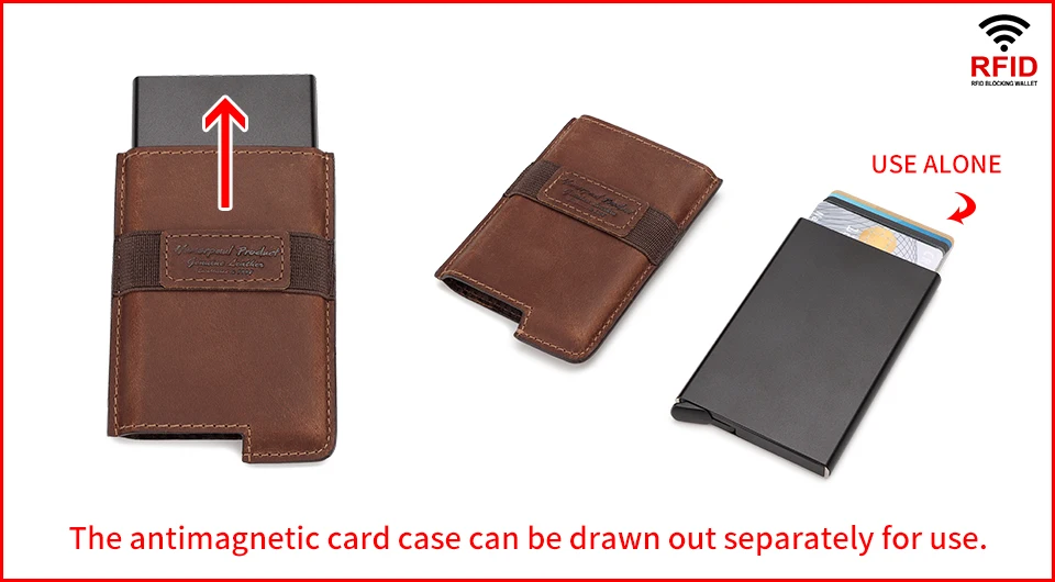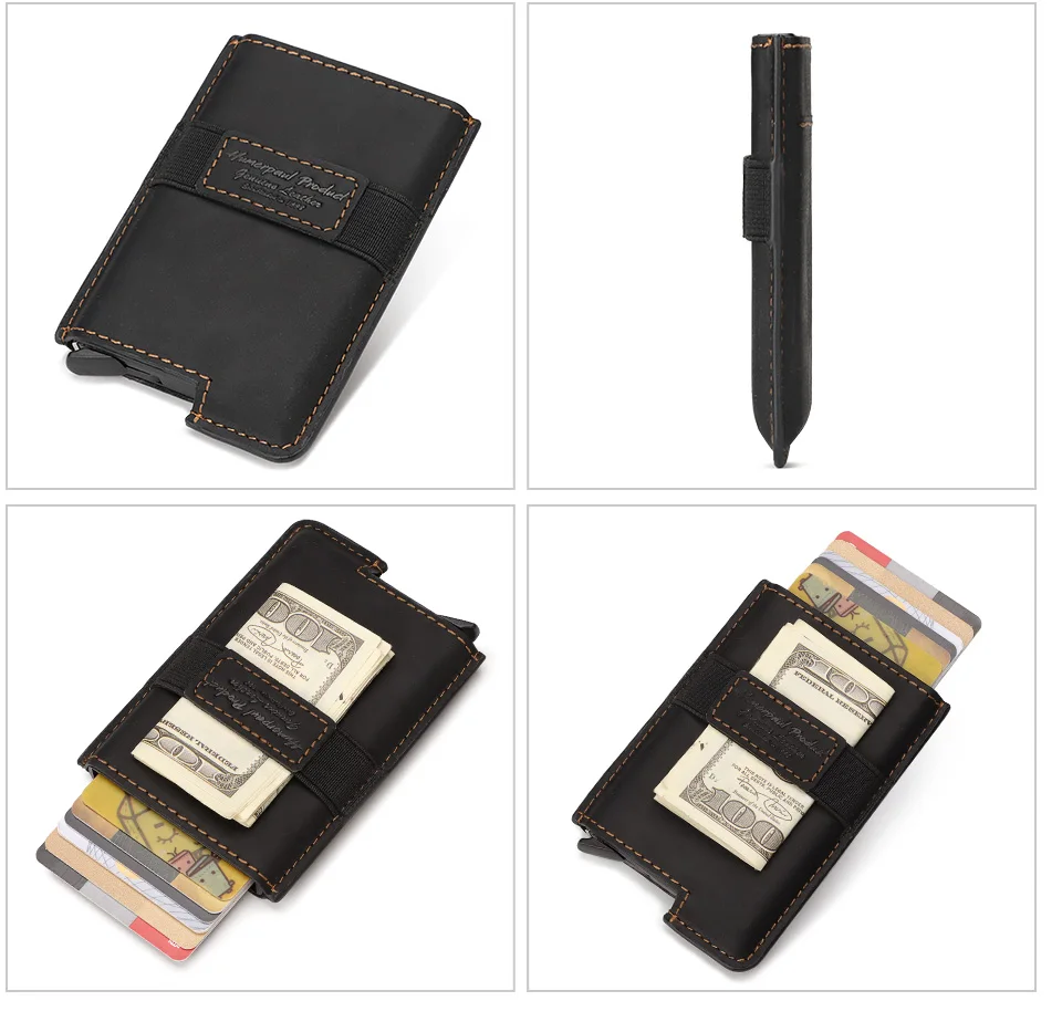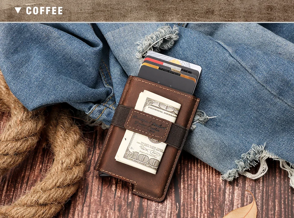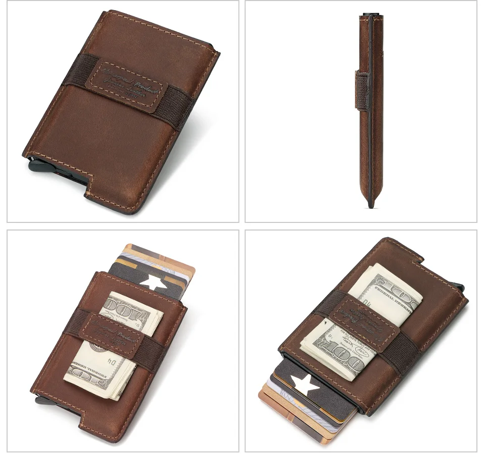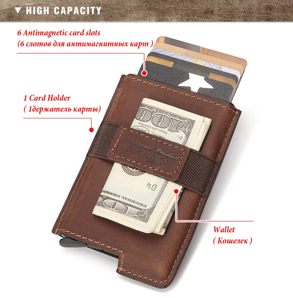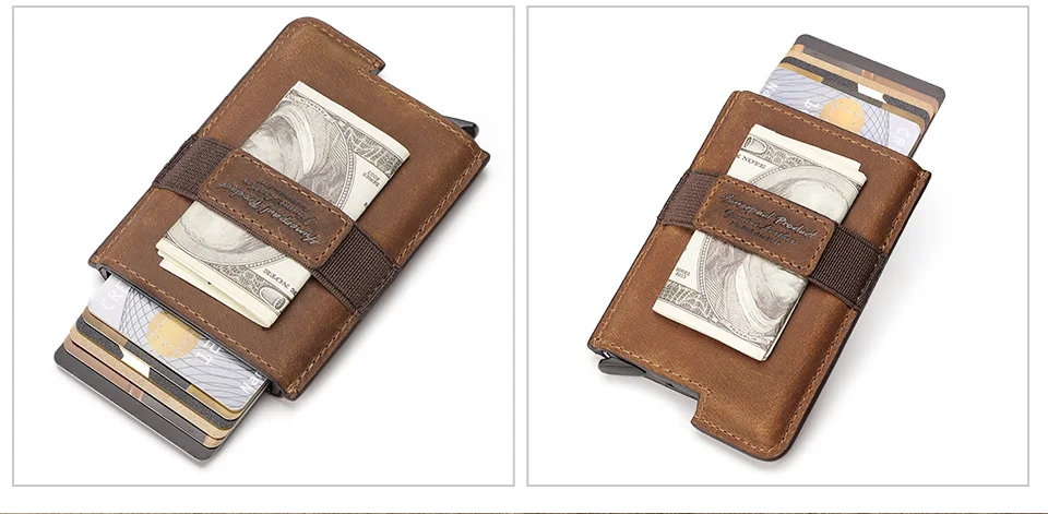 HUMERPAUL Slim Men's Credit Card Holder Wallet Genuine Leather Pop Up Aluminum Card Box RFID Blocking Smart Walets Money Clip
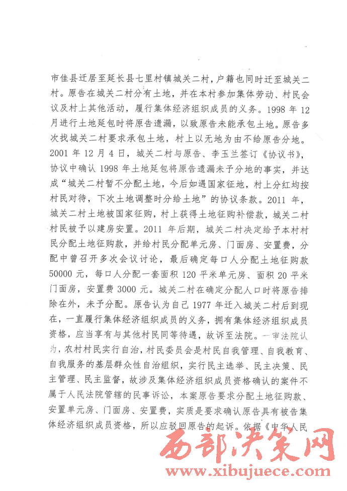 西部決策網(wǎng)訊(記者 封營(yíng)庫(kù) 實(shí)習(xí)記者 李延梅)陜西延長(zhǎng)縣七里村村民李果花反映稱:“1977年我從榆林市佳縣遷居至延長(zhǎng)縣七里村鎮(zhèn)城關(guān)二村,戶籍也同時(shí)遷至城關(guān)二村。我在城關(guān)二村分有土地,并在本村參加集體勞動(dòng)村民會(huì)議及村上其它活動(dòng),履行集體經(jīng)濟(jì)組織成員的義務(wù)。1998年12月進(jìn)行土地延包時(shí)將我遺漏,以致我未能承包土地。我多次找城關(guān)二村要求承包土地,村上以無(wú)地為由不給我分地。2001年12月4日,城關(guān)二村與我、李玉蘭簽訂《協(xié)議書(shū)》,協(xié)議中確認(rèn)1998年土地延包時(shí)將我遺漏未有分地的事實(shí),并達(dá)成“城關(guān)二村暫不分配土地,今后如遇國(guó)家征地,村上分紅均按村民對(duì)待,下次土地調(diào)整時(shí)分給土地”的協(xié)議條款。2011年,城關(guān)二村土地被國(guó)家征購(gòu),村上獲得土地征購(gòu)補(bǔ)償款,城關(guān)二村村民被予以建安置房。2011年后期,城關(guān)二村決定給予本村村民分配土地征購(gòu)款,并給村民分配單元房、門(mén)面房、安置費(fèi),分配中曾召開(kāi)多次會(huì)議討論,最后確定每口人分配土地征購(gòu)款50000元,每口人分配一套面積120平米單元房,面積20平米的門(mén)面房,安置費(fèi)5000元,城關(guān)二村在確定人口時(shí)將我排除在外,未予分配。我認(rèn)為自己1977年遷入城關(guān)二村后到現(xiàn)在,一直履行集體經(jīng)濟(jì)組織成員的義務(wù),擁有集體經(jīng)濟(jì)組織成員資格,應(yīng)當(dāng)享有與其他村民同等待遇,故訴至延長(zhǎng)縣人民法院要求判令城關(guān)二村給予我分配土地征購(gòu)款50000元,安置單元房一套(120平米)、門(mén)面房20平米,安置過(guò)渡費(fèi)5400元。但被延長(zhǎng)縣人民法院以涉及集體經(jīng)濟(jì)組織成員資格的案件不屬于人民法院管轄的民事訴訟,駁回起訴。我又上訴至延安市中級(jí)人民法院,但又用同樣的理由又被駁回上訴。我該怎么辦?真的天下烏鴉一般黑嗎?我訴訟的是要回屬于我的征地款、安置房、過(guò)渡費(fèi),我有合法的戶口簿、身份證。又有延長(zhǎng)縣城關(guān)鎮(zhèn)政府副鎮(zhèn)長(zhǎng)張世杰、包村片長(zhǎng)趙華強(qiáng)、包村干部白醫(yī)學(xué)、城關(guān)村村主任(二村村民)董志軍、二村村長(zhǎng)趙金星,原二村會(huì)計(jì)王連平,原二村代表老村長(zhǎng)丁興元,在鎮(zhèn)政府會(huì)議室簽訂的協(xié)議書(shū)。難道我的村民資格還要確認(rèn)嗎?我村村長(zhǎng)董志軍的兒子董飛戶口也不在我村,又是公務(wù)員,現(xiàn)任延長(zhǎng)縣紀(jì)律檢查委員會(huì)案件審理室主任,還有村長(zhǎng)董志軍他父親。董長(zhǎng)春早已去世,但也同樣分的征地補(bǔ)償款,安置單元房,安置過(guò)渡費(fèi)。望你們新聞媒體深入調(diào)查,將事實(shí)公布于眾,為我申冤,維護(hù)我的合法權(quán)益。”
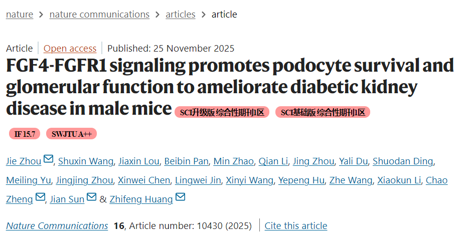 2025年11月25日,浙江大学医学院附属第二医院郑超主任团队与温州医科大学李校堃院士团队黄志锋、周洁、孙健课题组合作,在《自然·通讯》[Nature Communications(1区,影响因子15.7)]发表了题为“FGF4-FGFR1 signaling promotes podocyte survival and glomerular function to ameliorate diabetic kidney disease in male mice”的研究论文。
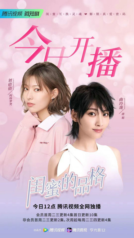 《闺蜜的品格》将于4月12日起在腾讯视频全网独播,会员每周二周三更新4集,首更10集,非会员首周二三更新2集,次周起每周二三四更新4集。让我们共同期待,与剧中人物一同开启“变形记”,寻找换位人生中爱情与人生的答案。
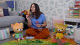 21/24Justin has lots of autumn fun with his friends. Mr Tumble clears up the fallen leaves.(R)
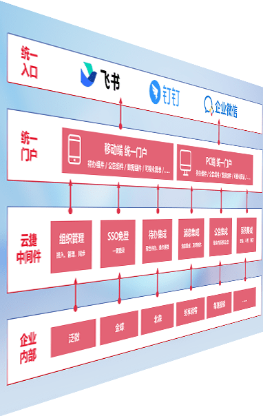 对协作平台提供支持服务,,,支持企业应用与协作平台对接,,,,包含组织同步、、、消息集成、、、、待办集成等。。。支持目前主流的协作平台:钉钉、、、企微和飞书。。。。
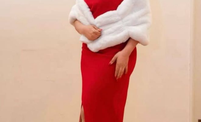 Her look was the perfect blend of simplicity. She wore a stunning long, sleeveless gown made from green Ankara fabric, with a little touch of red that added just a little different look to it. The dress has a slit, which adds even more beauty to the dress as she walked.
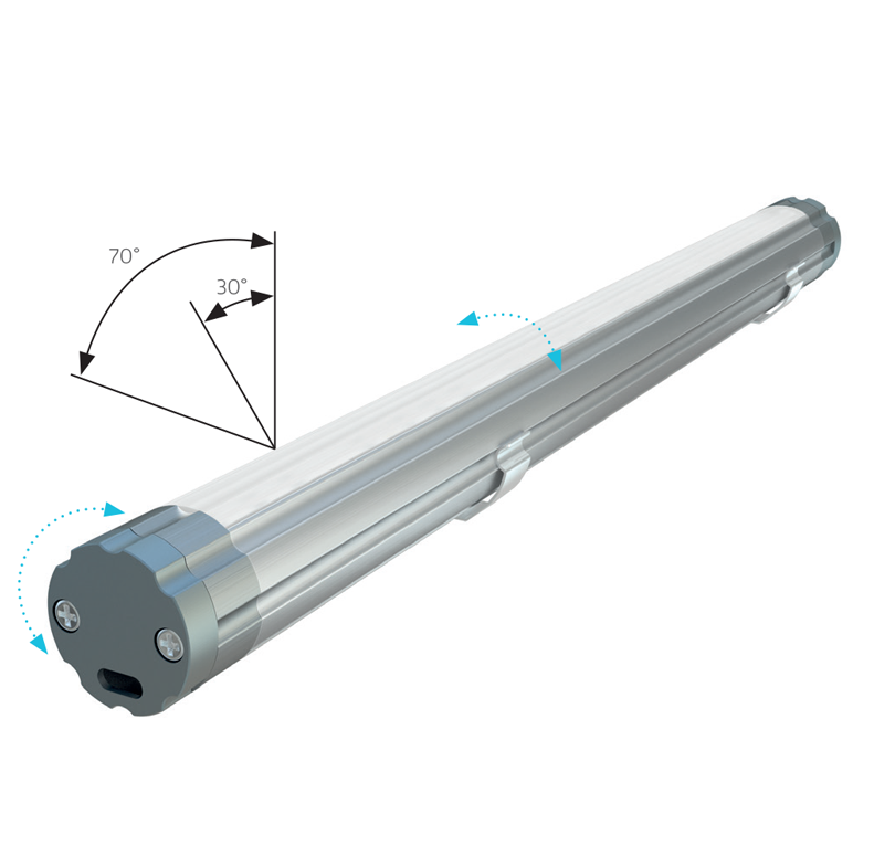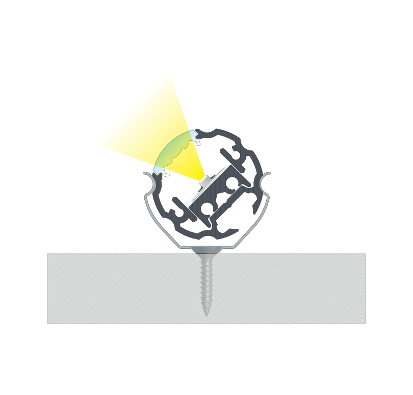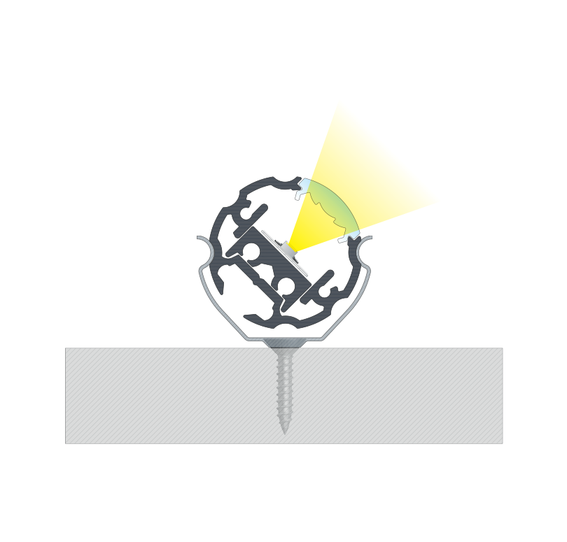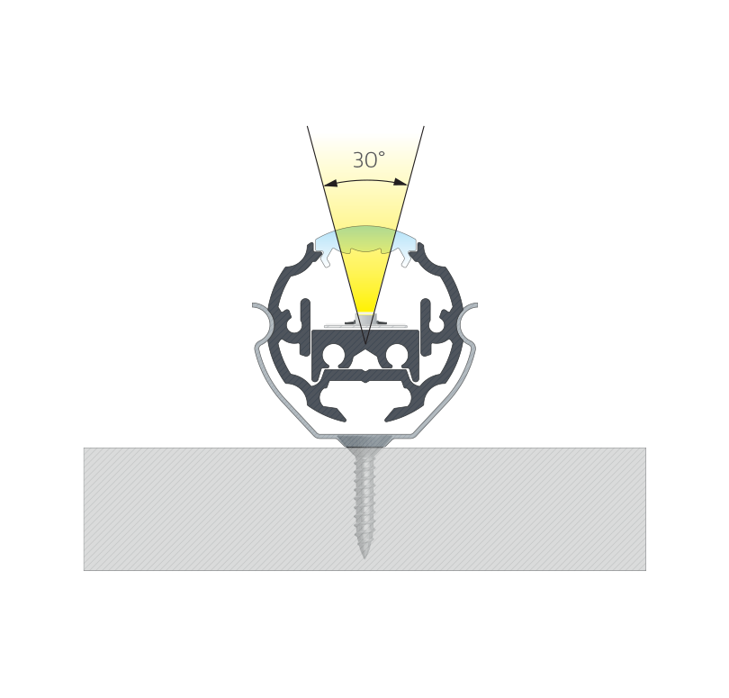 Złożenie profilu COSMO z kloszem BASIC LENS 30, uchwytami, zaślepkami oraz pierścieniem regulacyjnym
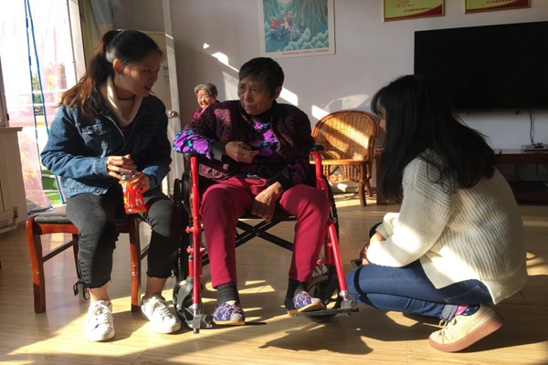 上午8:00,全体成员一同前往红日家园养老服务中心,到达之后,许多老人还在休息,于是大部分人领取了清洁用具去了三四层打扫卫生。10:00,打扫完毕的学生回到二楼,陪老人说话,听老人讲过去的时光,听他们诉说这个重阳节自己心中的种种感慨。学生之中有人滔滔不绝,听得老人笑容满面,有人坐在老人身边,用安静的陪伴传递温情。在正午耀眼的阳光中,大家分别为老人表演节目,有人用《外婆的澎湖湾》带来温情回忆;有人一曲《山丹丹花开红艳艳》唱红了奶奶的眼睛;来自新疆的男孩带来了民族舞蹈。在表演完《北京石油学院学生之歌》后,老人们收到了学生们的贺卡,大家将祝福送到爷爷奶奶手上,挥手告别。

• **Brief**:
Pictures in the data above should not be copied; transcribe everything else exactly.

• **Solution to this exercise**:
 HUMERPAUL Slim Men's Credit Card Holder Wallet Genuine Leather Pop Up Aluminum Card Box RFID Blocking Smart Walets Money Clip
 西部決策網(wǎng)訊(記者 封營(yíng)庫(kù) 實(shí)習(xí)記者 李延梅)陜西延長(zhǎng)縣七里村村民李果花反映稱:“1977年我從榆林市佳縣遷居至延長(zhǎng)縣七里村鎮(zhèn)城關(guān)二村,戶籍也同時(shí)遷至城關(guān)二村。我在城關(guān)二村分有土地,并在本村參加集體勞動(dòng)村民會(huì)議及村上其它活動(dòng),履行集體經(jīng)濟(jì)組織成員的義務(wù)。1998年12月進(jìn)行土地延包時(shí)將我遺漏,以致我未能承包土地。我多次找城關(guān)二村要求承包土地,村上以無(wú)地為由不給我分地。2001年12月4日,城關(guān)二村與我、李玉蘭簽訂《協(xié)議書(shū)》,協(xié)議中確認(rèn)1998年土地延包時(shí)將我遺漏未有分地的事實(shí),并達(dá)成“城關(guān)二村暫不分配土地,今后如遇國(guó)家征地,村上分紅均按村民對(duì)待,下次土地調(diào)整時(shí)分給土地”的協(xié)議條款。2011年,城關(guān)二村土地被國(guó)家征購(gòu),村上獲得土地征購(gòu)補(bǔ)償款,城關(guān)二村村民被予以建安置房。2011年后期,城關(guān)二村決定給予本村村民分配土地征購(gòu)款,并給村民分配單元房、門(mén)面房、安置費(fèi),分配中曾召開(kāi)多次會(huì)議討論,最后確定每口人分配土地征購(gòu)款50000元,每口人分配一套面積120平米單元房,面積20平米的門(mén)面房,安置費(fèi)5000元,城關(guān)二村在確定人口時(shí)將我排除在外,未予分配。我認(rèn)為自己1977年遷入城關(guān)二村后到現(xiàn)在,一直履行集體經(jīng)濟(jì)組織成員的義務(wù),擁有集體經(jīng)濟(jì)組織成員資格,應(yīng)當(dāng)享有與其他村民同等待遇,故訴至延長(zhǎng)縣人民法院要求判令城關(guān)二村給予我分配土地征購(gòu)款50000元,安置單元房一套(120平米)、門(mén)面房20平米,安置過(guò)渡費(fèi)5400元。但被延長(zhǎng)縣人民法院以涉及集體經(jīng)濟(jì)組織成員資格的案件不屬于人民法院管轄的民事訴訟,駁回起訴。我又上訴至延安市中級(jí)人民法院,但又用同樣的理由又被駁回上訴。我該怎么辦?真的天下烏鴉一般黑嗎?我訴訟的是要回屬于我的征地款、安置房、過(guò)渡費(fèi),我有合法的戶口簿、身份證。又有延長(zhǎng)縣城關(guān)鎮(zhèn)政府副鎮(zhèn)長(zhǎng)張世杰、包村片長(zhǎng)趙華強(qiáng)、包村干部白醫(yī)學(xué)、城關(guān)村村主任(二村村民)董志軍、二村村長(zhǎng)趙金星,原二村會(huì)計(jì)王連平,原二村代表老村長(zhǎng)丁興元,在鎮(zhèn)政府會(huì)議室簽訂的協(xié)議書(shū)。難道我的村民資格還要確認(rèn)嗎?我村村長(zhǎng)董志軍的兒子董飛戶口也不在我村,又是公務(wù)員,現(xiàn)任延長(zhǎng)縣紀(jì)律檢查委員會(huì)案件審理室主任,還有村長(zhǎng)董志軍他父親。董長(zhǎng)春早已去世,但也同樣分的征地補(bǔ)償款,安置單元房,安置過(guò)渡費(fèi)。望你們新聞媒體深入調(diào)查,將事實(shí)公布于眾,為我申冤,維護(hù)我的合法權(quán)益。”
 2025年11月25日,浙江大学医学院附属第二医院郑超主任团队与温州医科大学李校堃院士团队黄志锋、周洁、孙健课题组合作,在《自然·通讯》[Nature Communications(1区,影响因子15.7)]发表了题为“FGF4-FGFR1 signaling promotes podocyte survival and glomerular function to ameliorate diabetic kidney disease in male mice”的研究论文。
 《闺蜜的品格》将于4月12日起在腾讯视频全网独播,会员每周二周三更新4集,首更10集,非会员首周二三更新2集,次周起每周二三四更新4集。让我们共同期待,与剧中人物一同开启“变形记”,寻找换位人生中爱情与人生的答案。
 21/24Justin has lots of autumn fun with his friends. Mr Tumble clears up the fallen leaves.(R)
 对协作平台提供支持服务,,,支持企业应用与协作平台对接,,,,包含组织同步、、、消息集成、、、、待办集成等。。。支持目前主流的协作平台:钉钉、、、企微和飞书。。。。
 Her look was the perfect blend of simplicity. She wore a stunning long, sleeveless gown made from green Ankara fabric, with a little touch of red that added just a little different look to it. The dress has a slit, which adds even more beauty to the dress as she walked.
 Złożenie profilu COSMO z kloszem BASIC LENS 30, uchwytami, zaślepkami oraz pierścieniem regulacyjnym
 上午8:00,全体成员一同前往红日家园养老服务中心,到达之后,许多老人还在休息,于是大部分人领取了清洁用具去了三四层打扫卫生。10:00,打扫完毕的学生回到二楼,陪老人说话,听老人讲过去的时光,听他们诉说这个重阳节自己心中的种种感慨。学生之中有人滔滔不绝,听得老人笑容满面,有人坐在老人身边,用安静的陪伴传递温情。在正午耀眼的阳光中,大家分别为老人表演节目,有人用《外婆的澎湖湾》带来温情回忆;有人一曲《山丹丹花开红艳艳》唱红了奶奶的眼睛;来自新疆的男孩带来了民族舞蹈。在表演完《北京石油学院学生之歌》后,老人们收到了学生们的贺卡,大家将祝福送到爷爷奶奶手上,挥手告别。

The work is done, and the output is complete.